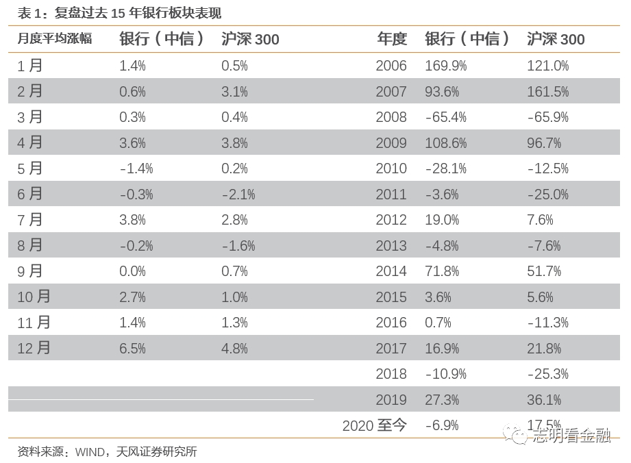 1)复盘过去15年来看,银行股下跌后的下一年板块表现往往较好。例如,18年银行板块下跌10.9%,次年上升27.3%;13年下跌4.8%,次年上涨71.8%;08年下跌65.4%,次年上涨108.6%。而20年年初至今下跌6.9%,未来一年有望表现较好。此外,过去15年复盘来看,年底银行板块上涨概率较高,12月份平均涨幅6.5%,显著高于其他月份,呈现估值切换行情之特征。
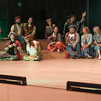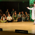 Если с текстом визуальный ряд особого противоречия не выказывает, то с музыкой – еще как! Земфира, поющая под гитару в бардовской манере куплеты про ревнивого мужа, смотрится весьма пародийно. Вместо ярких цыганских танцев, самых эффектных номеров «Алеко», режиссер предложила мучительно долгое топтание массовки по сцене: хиппи нюхают травку и под ее чарами не знают, куда себя приткнуть, слоняясь из угла в угол. И в целом сочная партитура Рахманинова находится в непреодолимом противоречии с тем, что мы видим на сцене, а отсюда – прямая дорога к театральной фальши, потому что самая изысканная режиссура должна в первую очередь слушать музыку, ее характер и настроения и выстраивать свои параллели или перпендикуляры, основываясь на ней, а не противореча ей, иногда отталкиваясь от нее, но не отрицая ее.
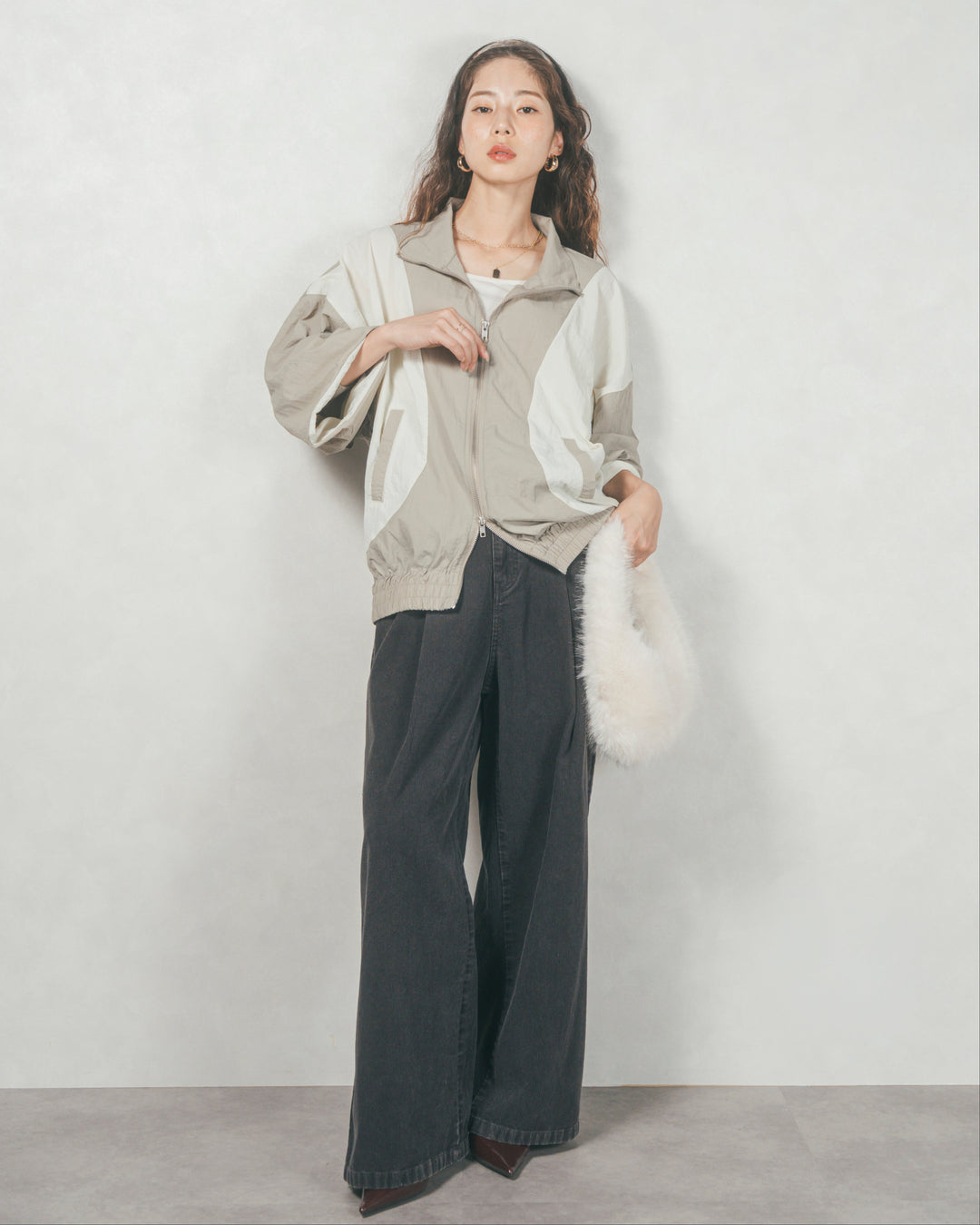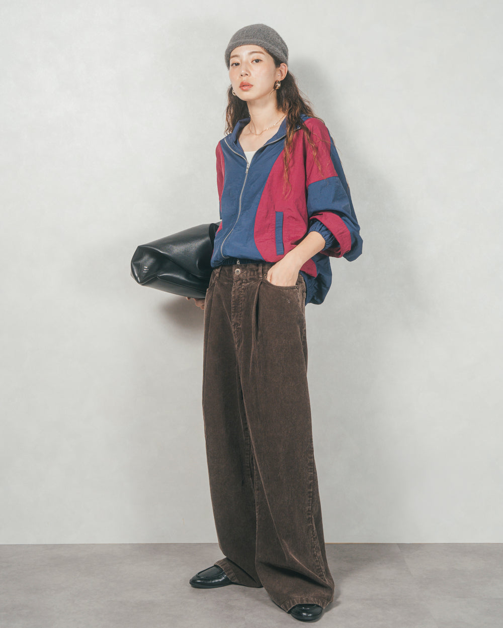 [SET]バイカラーオーバーサイズブルゾン+コーデュロイWideストレートパンツ(2SET)
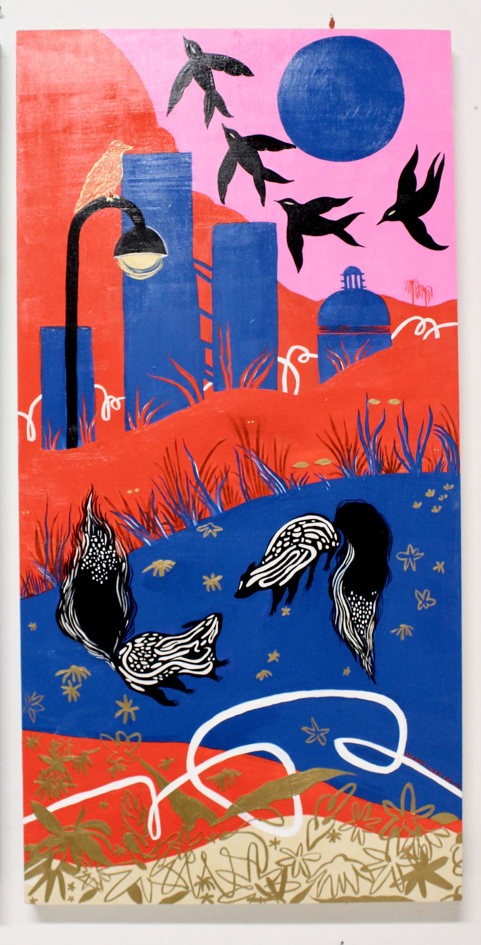City Animals also includes an installation of six wood panels by local artists exploring the exhibition's themes through diverse styles and techniques. The D.C. and Maryland-based artists—Death by Narwhals, Elizabeth Graeber, Golden Rabbit Silent Monkey, Shyama Kuver, Red Swan, and Kelly Towles—offer fresh perspectives on the interconnectedness of humans, animals, and nature.
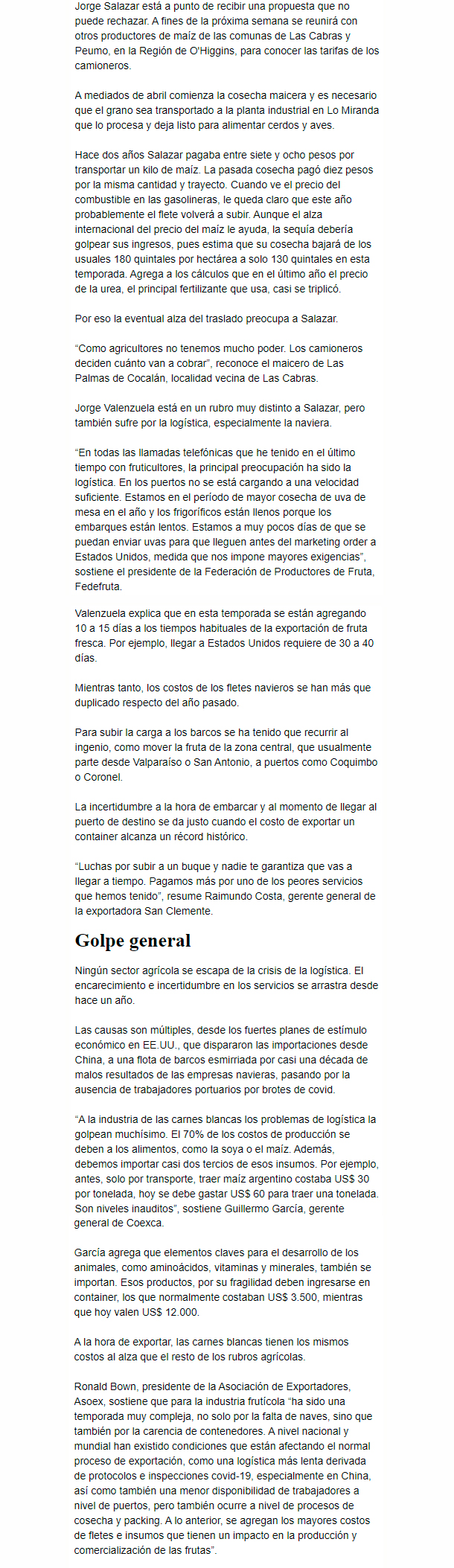 REVISTA DEL CAMPO – Mayores costos, una menor llegada de barcos en momentos clave del año y mayores tiempos de traslados golpean los ingresos de los agricultores

──────

Work required :: Exactly as written, restate the listing above with its pictures omitted.

Answer space ::
 1)复盘过去15年来看,银行股下跌后的下一年板块表现往往较好。例如,18年银行板块下跌10.9%,次年上升27.3%;13年下跌4.8%,次年上涨71.8%;08年下跌65.4%,次年上涨108.6%。而20年年初至今下跌6.9%,未来一年有望表现较好。此外,过去15年复盘来看,年底银行板块上涨概率较高,12月份平均涨幅6.5%,显著高于其他月份,呈现估值切换行情之特征。
 Если с текстом визуальный ряд особого противоречия не выказывает, то с музыкой – еще как! Земфира, поющая под гитару в бардовской манере куплеты про ревнивого мужа, смотрится весьма пародийно. Вместо ярких цыганских танцев, самых эффектных номеров «Алеко», режиссер предложила мучительно долгое топтание массовки по сцене: хиппи нюхают травку и под ее чарами не знают, куда себя приткнуть, слоняясь из угла в угол. И в целом сочная партитура Рахманинова находится в непреодолимом противоречии с тем, что мы видим на сцене, а отсюда – прямая дорога к театральной фальши, потому что самая изысканная режиссура должна в первую очередь слушать музыку, ее характер и настроения и выстраивать свои параллели или перпендикуляры, основываясь на ней, а не противореча ей, иногда отталкиваясь от нее, но не отрицая ее.
 [SET]バイカラーオーバーサイズブルゾン+コーデュロイWideストレートパンツ(2SET)
City Animals also includes an installation of six wood panels by local artists exploring the exhibition's themes through diverse styles and techniques. The D.C. and Maryland-based artists—Death by Narwhals, Elizabeth Graeber, Golden Rabbit Silent Monkey, Shyama Kuver, Red Swan, and Kelly Towles—offer fresh perspectives on the interconnectedness of humans, animals, and nature.
 REVISTA DEL CAMPO – Mayores costos, una menor llegada de barcos en momentos clave del año y mayores tiempos de traslados golpean los ingresos de los agricultores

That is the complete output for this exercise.